Task objective - Reproduce exactly, and only, the lines below from the one containing "Функции: Луминесцентни стрелки, Дата, Ден" through the one containing "Focus Electronics LED".

Records for the task -
_ _ _ _

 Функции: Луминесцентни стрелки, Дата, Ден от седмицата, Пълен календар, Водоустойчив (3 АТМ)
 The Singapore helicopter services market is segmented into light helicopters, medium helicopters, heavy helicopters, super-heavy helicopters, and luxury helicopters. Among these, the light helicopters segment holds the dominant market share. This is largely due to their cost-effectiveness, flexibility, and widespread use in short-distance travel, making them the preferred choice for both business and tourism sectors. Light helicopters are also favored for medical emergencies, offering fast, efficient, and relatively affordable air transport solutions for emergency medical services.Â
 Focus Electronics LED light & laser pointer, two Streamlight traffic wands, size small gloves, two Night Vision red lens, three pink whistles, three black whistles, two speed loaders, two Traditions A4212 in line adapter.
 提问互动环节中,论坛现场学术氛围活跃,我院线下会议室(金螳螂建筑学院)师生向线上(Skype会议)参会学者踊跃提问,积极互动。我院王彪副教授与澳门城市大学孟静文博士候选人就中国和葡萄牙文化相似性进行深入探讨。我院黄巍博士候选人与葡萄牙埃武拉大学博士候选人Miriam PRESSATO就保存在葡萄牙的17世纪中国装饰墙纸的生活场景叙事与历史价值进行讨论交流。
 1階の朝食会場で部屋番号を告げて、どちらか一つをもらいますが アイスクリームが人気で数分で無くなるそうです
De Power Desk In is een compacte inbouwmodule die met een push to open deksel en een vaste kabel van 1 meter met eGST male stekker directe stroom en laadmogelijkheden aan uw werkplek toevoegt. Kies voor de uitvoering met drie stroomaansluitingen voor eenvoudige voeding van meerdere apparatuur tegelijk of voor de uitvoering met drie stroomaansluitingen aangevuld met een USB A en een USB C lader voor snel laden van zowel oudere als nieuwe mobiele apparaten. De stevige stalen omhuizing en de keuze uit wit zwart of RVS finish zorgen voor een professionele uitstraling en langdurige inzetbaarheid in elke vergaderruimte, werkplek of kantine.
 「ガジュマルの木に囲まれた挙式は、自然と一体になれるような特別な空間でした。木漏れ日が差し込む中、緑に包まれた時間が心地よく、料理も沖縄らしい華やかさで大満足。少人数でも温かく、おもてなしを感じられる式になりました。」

_ _ _ _

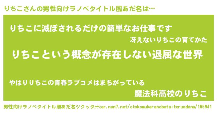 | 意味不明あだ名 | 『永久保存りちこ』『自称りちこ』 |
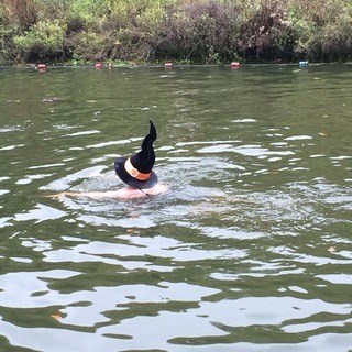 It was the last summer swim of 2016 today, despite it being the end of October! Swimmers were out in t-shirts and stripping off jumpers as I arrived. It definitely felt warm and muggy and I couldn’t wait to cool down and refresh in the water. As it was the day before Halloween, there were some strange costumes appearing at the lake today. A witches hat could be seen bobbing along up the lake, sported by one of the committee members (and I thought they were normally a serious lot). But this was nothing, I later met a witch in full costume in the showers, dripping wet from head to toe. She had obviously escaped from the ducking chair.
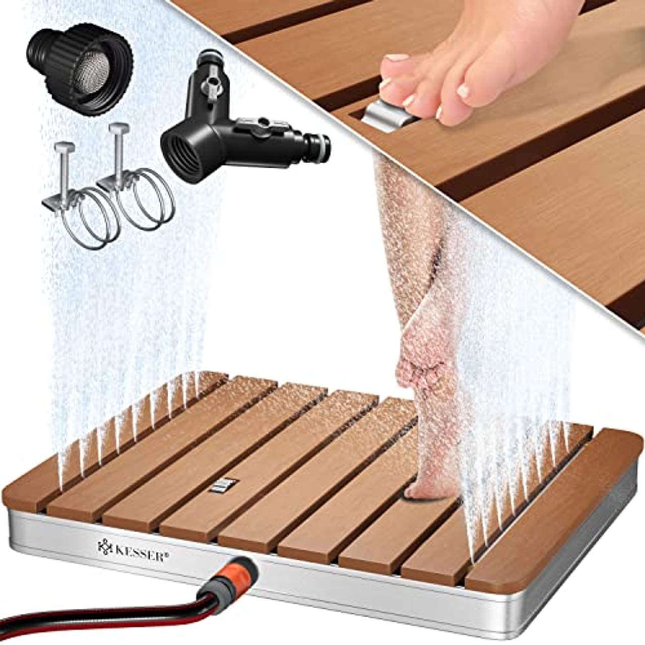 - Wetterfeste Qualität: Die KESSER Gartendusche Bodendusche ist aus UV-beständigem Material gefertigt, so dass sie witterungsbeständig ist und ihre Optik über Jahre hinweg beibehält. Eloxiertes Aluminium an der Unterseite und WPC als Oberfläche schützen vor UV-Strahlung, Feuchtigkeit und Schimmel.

_ _ _ _

Problem solution -
 Функции: Луминесцентни стрелки, Дата, Ден от седмицата, Пълен календар, Водоустойчив (3 АТМ)
 The Singapore helicopter services market is segmented into light helicopters, medium helicopters, heavy helicopters, super-heavy helicopters, and luxury helicopters. Among these, the light helicopters segment holds the dominant market share. This is largely due to their cost-effectiveness, flexibility, and widespread use in short-distance travel, making them the preferred choice for both business and tourism sectors. Light helicopters are also favored for medical emergencies, offering fast, efficient, and relatively affordable air transport solutions for emergency medical services.Â
 Focus Electronics LED light & laser pointer, two Streamlight traffic wands, size small gloves, two Night Vision red lens, three pink whistles, three black whistles, two speed loaders, two Traditions A4212 in line adapter.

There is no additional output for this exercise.